A large proportion of patients can be treated in a non-operative fashion. Ideal candidates include those who: are neurologically intact,  have compression or burst fracture assessment on imaging studies, have integrity of the PLC and those patients with a sagittal deformity of <25 degrees. Once these patients are stabilized they should be fitted with a custom molded orthosis (thoracolumbar spinal orthosis, TLSO) or placed in a cast. Once fitted AP and lateral radiographs are obtained to ensure correct overall coronal and sagittal alignment.

Operative treatment

Depending on fracture subtype surgical interventions vary.

Operative Treatment choices include the following:

1) Vertebroplasty or kyphoplasty (percuntaneous cement stabilization procedures): in cases of compression fractures, and select burst fracture cases

2) External fixation: useful in reduction of retropulsed bony fragments in the days immediately following injury

3) Anterior decompression and fusion: allows for reconstruction of the anterior and middle columns. instrumentation may augment stability. A posterior approach may be needed if the PLC is compromised.

4) Posterior fusion: Surgery is indicated when the PLC has been injured. This technique may be combined with transpedicular/ lateral extracavitary approach to allow for additional anterior column support; To avoid high failure rates extension of the fusion should be two levels above and below the level of the injury.


Long term follow up studies are few and varied in the literature. However, instrumentation failure rate has been reported up to 15% in patients undergoing surgical treatment and after 5 years follow up. However this study showed that only 1/3 of patients required revision surgery.

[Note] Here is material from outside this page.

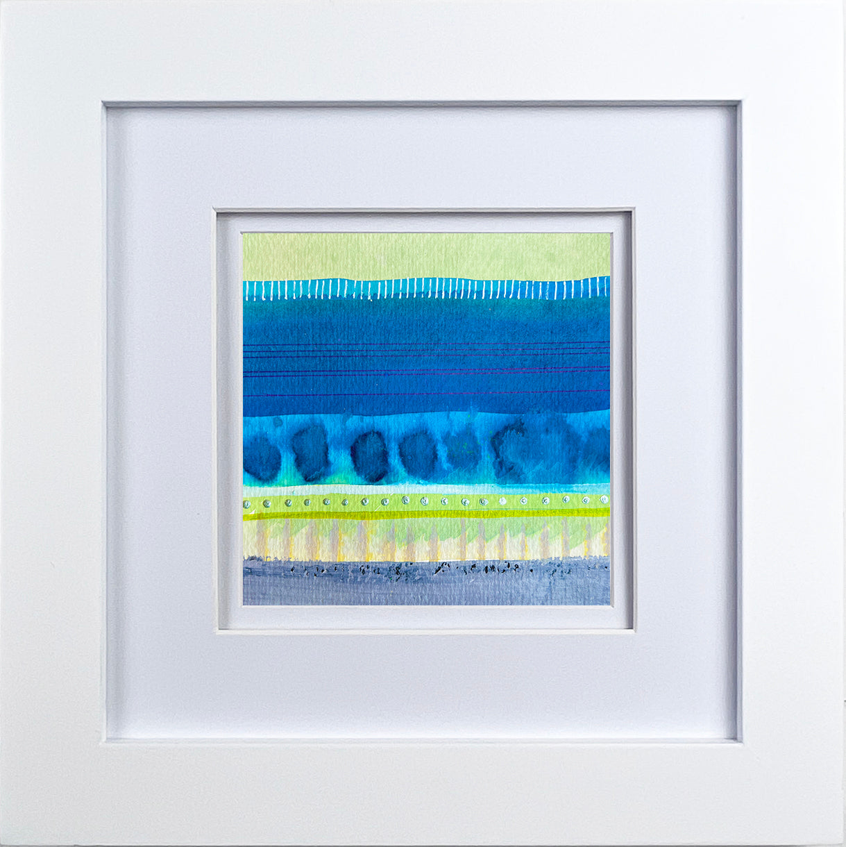 Creating this series of twelve stripe-paintings was a pure delight. Inspired by a childlike approach, each piece bursts with playful color combinations. I reveled in layering translucent hues, watching them blend and dance, whispering secrets of new shades. Simple doodles of dots, lines, and whimsy add a touch of charm to each canvas.

Pseudarthrosis after instrumentation varies from 2-8% of cases with the highest occurrence at the thoracolumbar junction.

Two long term randomized, prospective trials compared the results of patients undergoing surgical versus non-surgical treatment for stable thoracolumbar burst fractures without neurologic involvement found no significant differences between the two groups. (1,2).  However unstable injuries are more likely to benefit from surgical intervention.

Complications with the anterior technique are related to approach morbidity including: pulmonary impairment, visceral or vessel disruption, ileus, infection, and incisional herniation. Most of these events can be avoided with the thorough operative planning, meticulous technique and attentive postoperative care.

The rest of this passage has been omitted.